The paper can be found at: Daniel J. Katz, Courtney M. van der Linden, Peak Sidelobe Level and Peak Crosscorrelation of Golay-Rudin-Shapiro Sequences, IEEE Transactions on Information Theory, 68 (5): 3455–3473 (2022).
A preprint version is available at: arXiv: 2108.07318 [cs.IT]
The work of Katz and van der Linden and the accompanying materials here was supported in part by the National Science Foundation under Grants DMS-1500856 and CCF-1815487.
Any opinions, findings, and conclusions or recommendations expressed in this material are those of the authors and do not necessarily reflect the views of the National Science Foundation.
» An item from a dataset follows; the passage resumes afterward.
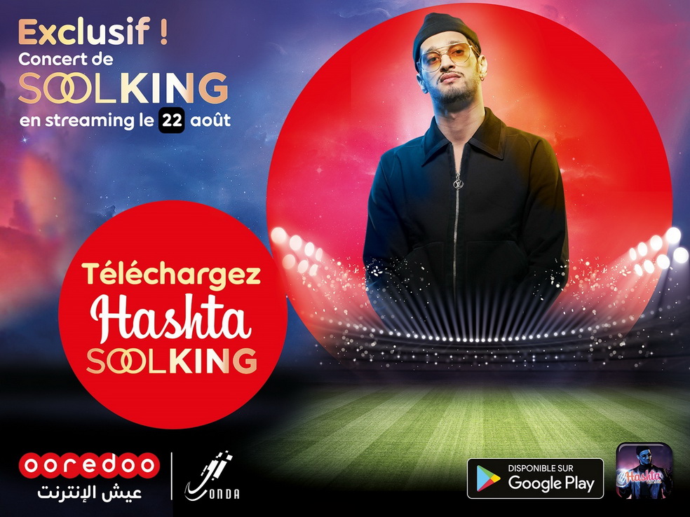 Organisé par l’Office National des Droits d’Auteurs et Droits Voisins (ONDA), ce concert très attendu par des milliers de fans du célèbre rappeur algérien, est l’évènement artistique phare de cette saison estivale 2019. En prévision de ce grand concert, Ooredoo lance pour les  fans du chanteur l’application Hashta Soolking. Disponible sur l’offre Hashta, cette application va permettre aux jeunes de visionner le live du concert en exclusivité et en streaming sur leur téléphone portable.Totalement dédiée aux jeunes, l’offre Hashta continue de surprendre ses clients avec plein de nouveautés exclusives et inédites. Pour rappel, Ooredoo a sponsorisé dans le cadre de son partenariat avec l’ONDA, de grands évènements musicaux en Algérie notamment les concerts du roi du Raï Cheb Khaled et du Chantre de la musique kabyle Idir. En s’associant à cet important évènement musical, Ooredoo réaffirme sa volonté de partager avec les Algériens des moments de joie et de fête.

If you are interested in using any code or data presented here for your research, please contact me at email: [my first name] [dot] [my last name] [at] csun [dot] edu
A detailed description of the data files and the programs used to obtain them can be found in the readme.txt instructions. There are two programs, which can be found in the program directory. The first program, called pcc, was used to compute the peak crosscorrelations and peak sidelobe levels for Rudin-Shapiro sequences that are reported in Tables 3 and 4 of the paper. The executable linked here was compiled for the AMD64 architecture under GNU/Linux. Its output, the file pccs-to-50.txt contains the output data from running pcc, and can be found in the data directory. The second program, called verifications.ipynb, is a Jupyter notebook containing Sage code that verifies various claims made throughout the paper, and is also found in the program directory.